When the glory of the Lord came to the Temple that succeeded the Temple of Ezekiel’s vision half a millennium later, the scene was less exotic. In fact, there would have been no particular reason for anyone present that day to take special notice of a couple with their baby son, making the regulation offering after a birth (Leviticus 12.8).

The couple themselves might simply have gone home to Nazareth as a newly constituted family to resume life in their familiar community, had the Holy Spirit not directed a quieter prophetic figure than Ezekiel to go to the Temple. So it was that Simeon met Mary, Joseph, and Jesus (Luke 2.27).

The words that Simeon spoke as he held the baby confirm a reality even more real than the promise of the earlier vision. The glory of God has not only come into the Temple: it is visible and tangible, and it puts itself into human hands (Luke 2.28-32).

In fact, it is a glory so reticent that it chooses to deprive itself of the power of speech. “Infant”, we might remember, derives from the Latin infans — “not able to speak”; but the powerful future embodied in the child has its troubling side.

When Simeon turns from praising God to addressing Mary, he offers a picture that could only have disturbed a new mother —- tainted by division, upheaval, conflict, and personal pain (Luke 2.34-35).

Extraordinary things will happen when people meet Jesus. Not all of them will point obviously to the presence of God’s glory in the world.

Even before his birth, his unborn cousin “leaped” in Elizabeth’s womb as their mothers met (Luke 1.41). He would go on, as a 12-year-old, to confound the scribes in the Temple he had first entered as a baby (Luke 2.46-47).

Simeon’s oracles invite us to read the signs, to be communities of interpretation, alert to what we see and hear, and prepared to see and hear things differently, even when they are uncomfortable.

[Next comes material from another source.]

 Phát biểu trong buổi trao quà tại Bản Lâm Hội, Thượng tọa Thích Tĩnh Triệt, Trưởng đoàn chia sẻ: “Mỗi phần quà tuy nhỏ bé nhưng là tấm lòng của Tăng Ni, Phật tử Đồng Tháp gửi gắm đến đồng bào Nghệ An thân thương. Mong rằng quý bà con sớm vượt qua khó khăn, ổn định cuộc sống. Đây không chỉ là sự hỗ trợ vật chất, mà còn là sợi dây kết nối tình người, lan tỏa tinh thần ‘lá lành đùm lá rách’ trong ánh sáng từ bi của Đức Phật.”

Several years ago, I was part of a guided visit to Cefalù Cathedral, in Sicily, led by an archaeologist who knew every stone of the building. As we approached the apse mosaic, he pointed out the relationship of the central image of Christ Pantocrator to the apostolic figures surrounding it.

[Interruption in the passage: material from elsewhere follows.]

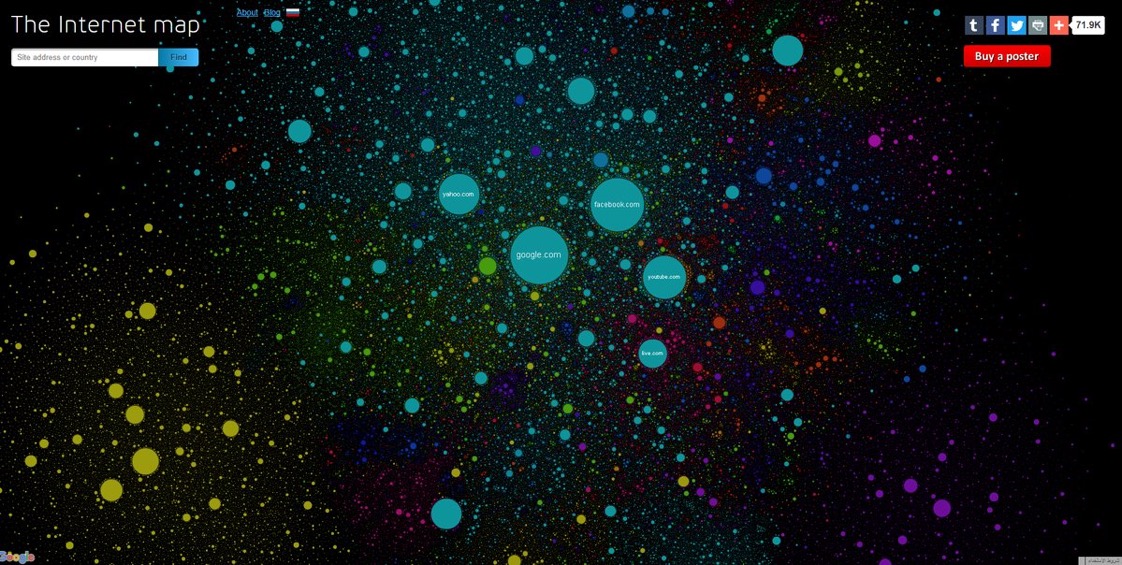 موقع جميل يعرض لك "خريطة الإنترنت"، كلما كانت دائرة الموقع كبيرة كلما كان عدد الزيارات عليه كبير، وعند النقر على أي موقع يعطيك بعض التفاصيل عنه .

The apostles have their books closed, and their scrolls are rolled up. Christ raises his right hand, palm facing out, second and third fingers raised and slightly crooked. This was not a blessing, the guide explained. It was the gesture in classical rhetoric of directing the audience to be silent: Christ is the ultimate interpreter.

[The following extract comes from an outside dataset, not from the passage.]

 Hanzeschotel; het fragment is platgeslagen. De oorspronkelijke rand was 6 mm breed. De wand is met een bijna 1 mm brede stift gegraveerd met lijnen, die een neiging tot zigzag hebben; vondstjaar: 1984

The encircling inscription reads: “Factus homo factor hominis factique redemptor. Iudico corporeus corpora corda Deus,” “Made man, maker of man, and redeemer of what I made, I judge bodies and hearts as God made flesh.”

As the Church keeps the feast of the Presentation — known to the Eastern Church as the Meeting — its Christmas wonder at a speechless baby gives way to awe at the light of the nations (Luke 2.32), shining in judgement and love “into the hearts of all God’s people” (collect of the day).